Not all sense of self-reflection was lost, though. I did realize that I was losing the parts of myself that I cared about, but I was helpless in the onslaught that is the second year of ob/gyn residency. Now, as a third year resident, I am considered a senior, and the call schedule has improved. My life is more normal, and I am able to enjoy time with my husband and my family. I bake more often. I read more, and although I haven't started photographing yet, I have learned how to knit. Overall, I'm a happier person, and I'm kinder to my patients. However, this is something that I have thought about on my own. I have rarely talked to my co-residents about this. Our administration does not address burnout and there is no forum in which we can share our thoughts and feelings. However, there needs to be discussion and awareness about burnout. There also needs to be reflection around the bad things that happen in the hospital to our patients. Mortality and morbidity conferences are not sufficient to address poor outcomes as they presents cases with surgical precision and little emotion--there needs to be reflection around feelings of the providers, the patients, and their families, all of whom are deeply affected by poor outcomes. Doctors, especially ones who are just starting to practice medicine, need to be reassured that caring about patients is an essential part of their work, and that there is no greater gift that a doctor can give to her patient than that of empathy.

Saturday, July 4, 2009

A Finite Reserve

Recently, I got together with two of my good friends from medical school for brunch, and as we shared our experiences, the three of us began reflecting on a specific characteristic that we had noticed among ourselves. All of us were able to establish rapport with many of our patients, and we expressed a genuine concern for our patients and a degree of empathy and patience that was appropriate to our call of duty. However, we realized that this empathy and patience was often not replicated in our personal relationships with friends and family. One of my friends had not had time to spend with her friends because she was so busy taking care of her patients, and another responded that she had a hard time conversing with people outside of medicine because they did not understand the exigencies of her life. I remembered the times when I ran out of patience with my family because they didn’t understand my life, and how difficult it was for me at times to explain what being a medical student entailed.

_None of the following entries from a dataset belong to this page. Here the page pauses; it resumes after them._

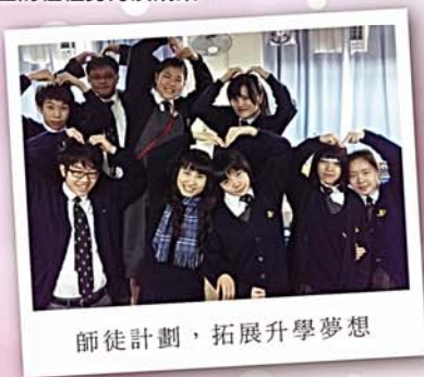
師徒計劃，拓展升學夢想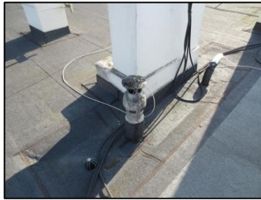
Photo N° 969 AMIANTE CIMENT -- TOITURE Toiture Chapeau (Fibres- ciment) x2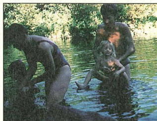
Badevergnügen an der Mühl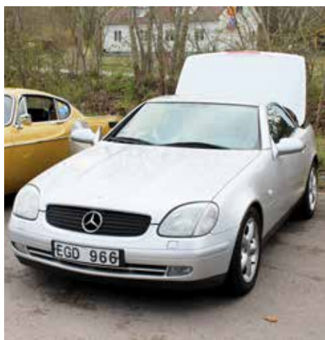
Mercedes-Benz SLK 1997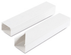
PVC Kablo Kanalı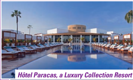
Hôtel Paracas, a Luxury Collection Resort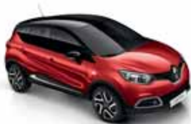
Crvena Flame (MB) Krov u boji crna Etoile (MB)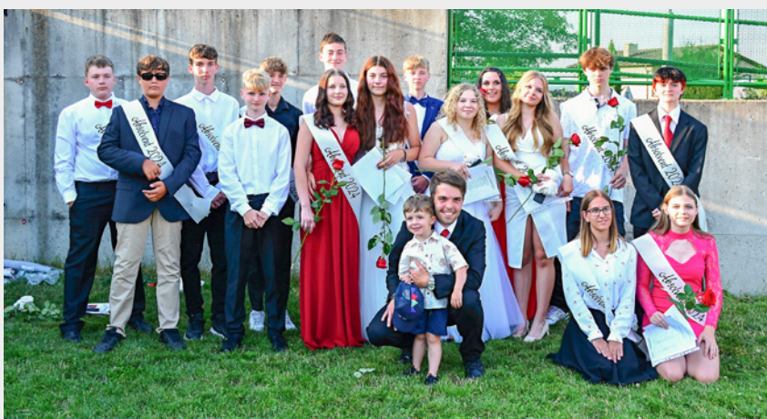
↑ Rozloučení s devátou třídou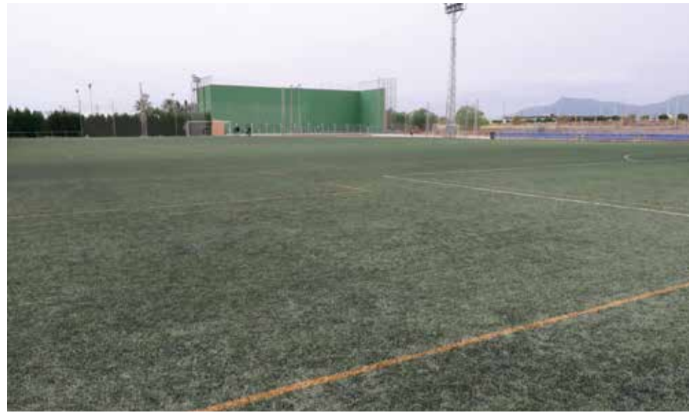
Vista del polideportivo municipal.

Alternatura es un programa impulsado por el departamento de Deportes del Ayuntamiento de Sagunt, el cual fomenta la realización de actividades físicas al aire libre y en espacios abiertos y naturales. La programación se divide en dos temporadas: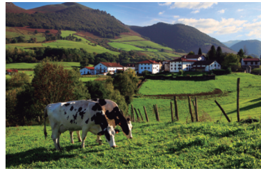
Imágenes de Gure Sustraiak, albergue Baitu y Casa Rural Jauregia, ejemplos de turismo sostenible en Navarra.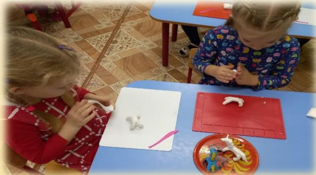
Лепка из воздушного пластилина «Лошадка»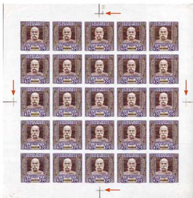
Obr. 1. Kaiserliche Österreichische Post 10 Kronen (1908)

Špeciálna pozornosť bola venovaná najvyššej hodnote 10 KRONEN s aktuálnou podobizňou cisára. Veľký rozmer obrazu známky () si vyžiadala novú formát tlačovej dosky o 25 známkových poliach v usporiadaní 5x5 známok (obr. 1). Vysoké výrobné náklady limitovali aj náklad známky, ktorý bol iba 107 tisíc kusov (4280 tlačových blokov).

I still remember a phone conversation a few weeks ago with my mother when I was left sputtering with frustration. I had complained to her how exhausted I was, and she responded by saying that it was important to get 8 hours of sleep. “Of course I know that!” I had replied. But what was obvious to me was that it was mathematically impossible to get 8 hours of sleep when I came home from the hospital at 9pm and had to be awake at 4am the next morning. Of course, she was only trying to be helpful, but the solutions that my parents come up with often aren’t applicable to my life, primarily because they don’t understand my daily schedule. Yet I no longer have the patience to explain the minutiae of my time in the hospital.
As I relayed this story to my friends, the three of us puzzled over why it was so much easier to show kindness and to care for complete strangers who had little connection in our personal lives when it was so difficult to show the same level of generosity for those people who were most important in our lives.

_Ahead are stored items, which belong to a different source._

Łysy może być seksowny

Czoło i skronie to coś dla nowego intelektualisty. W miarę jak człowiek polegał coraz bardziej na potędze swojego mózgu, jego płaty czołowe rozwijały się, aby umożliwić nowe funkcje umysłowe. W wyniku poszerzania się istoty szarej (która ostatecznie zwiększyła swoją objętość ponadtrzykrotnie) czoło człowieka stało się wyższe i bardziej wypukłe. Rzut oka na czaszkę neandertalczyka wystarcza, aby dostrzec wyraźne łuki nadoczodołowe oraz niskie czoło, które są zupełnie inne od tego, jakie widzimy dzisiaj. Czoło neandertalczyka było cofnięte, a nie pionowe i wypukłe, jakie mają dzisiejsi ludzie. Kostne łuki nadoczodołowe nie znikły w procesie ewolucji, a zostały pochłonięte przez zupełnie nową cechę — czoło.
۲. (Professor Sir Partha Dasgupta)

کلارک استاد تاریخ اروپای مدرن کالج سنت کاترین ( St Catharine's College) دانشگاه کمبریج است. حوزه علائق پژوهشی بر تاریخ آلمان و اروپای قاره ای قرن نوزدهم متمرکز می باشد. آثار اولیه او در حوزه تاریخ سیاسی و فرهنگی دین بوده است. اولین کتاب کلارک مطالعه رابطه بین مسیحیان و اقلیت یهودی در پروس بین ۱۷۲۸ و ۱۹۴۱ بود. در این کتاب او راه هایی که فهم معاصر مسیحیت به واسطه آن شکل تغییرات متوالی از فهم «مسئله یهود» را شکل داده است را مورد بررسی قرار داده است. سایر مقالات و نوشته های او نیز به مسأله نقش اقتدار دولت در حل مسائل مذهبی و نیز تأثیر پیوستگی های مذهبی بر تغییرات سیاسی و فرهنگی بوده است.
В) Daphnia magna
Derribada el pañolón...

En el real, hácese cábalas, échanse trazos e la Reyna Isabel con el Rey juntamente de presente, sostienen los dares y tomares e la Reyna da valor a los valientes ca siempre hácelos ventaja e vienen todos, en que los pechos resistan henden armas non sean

In some ways, it’s easy to have a general love of humanity. The abstract ideas of kindness, generosity, and empathy sound quite agreeable on paper, and everyone would agree that they are all necessary in our interactions with others. Yet their practice is often difficult, and for my friends and me the difficulties were associated not with practicing those characteristics with our patients but with our families and friends. Our patients needed our help, and an element of a power dynamic existed in these relationships: we could afford to be generous because as physicians in training, we possessed a set of skills that our patients did not have but relied upon for the improvement of their health. This reality enabled us to show the best aspects of our characters, and furthermore, our patients’ gratitude and their responses to our kindness acted as positive reinforcement for us to give them even more of ourselves. Our relationships with our patients were established in only one context—that of the hospital—and we only had one role for them—the caretakers. It became easy to fulfill that role because we knew exactly what was expected of us and how to accomplish those expectations.

However, relationships with families and friends transverse the simplistic dynamics that can exist between doctors and patients. When I interact with my family or my friends, I do not have one coherent, clearly defined role. Rather, my relationship with them is fluid and dependent on their definition of my importance in their lives. Moreover, I am not interacting with them in a sterile environment (both literally and figuratively!)—they are real people, with real flaws that often approximate my own and impact our relationship. I also know that they have to love me unconditionally, and therefore, somewhat illogically, I am more willing to let my guard down, be more vulnerable, and show them the side of me that is grumpy after a long day at work, or sad because I didn’t do as good of a job as I expected on a case that I worked on, or angry because a surgeon was short-tempered with me. I don’t reign my flaws in—I allow them to see all aspects of me without wondering if they will allow me to take of them when they see the worst parts of me, as I do with my patients.

I am still struggling with how exactly to deal with this phenomenon; it’s almost as though I have a finite reserve of goodness that can get stretched thin. It’s obvious that a balance needs to be struck and can be achieved, and I hope that as I recover from the oft-brutal world of medical school, I will reestablish those relationships on a basis of kindness as well.

Writing Again

I cannot gauge whether anyone ever read the bimonthly columns I used to write for the Pakistan Post, or whether people just used them for wrapping fragile items that would then be stored in the remote reaches of cabinets (as my parents used to do with the paper before I started writing for it!), so I don’t know if anyone noticed my prolonged silence. Suffice it to say that I felt the burdens of being a second year in medical school, working for a student-run human rights organization, and being an adviser at my undergraduate alma mater were so overwhelming that I felt that I could not squeeze writing into my busy schedule. Now, months later, I am sitting at my desk, unable to read the chapter about trauma and surgical approaches to it because of my unbearable sensation of ennui. I fidgeted in my chair, played with Genghis Khan, my cat, and ate chocolate from Godiva’s before I realized what the problem was: for so many months, I had been reading other people’s writing, without having contributed anything remotely interesting or intellectual in the form of the written word.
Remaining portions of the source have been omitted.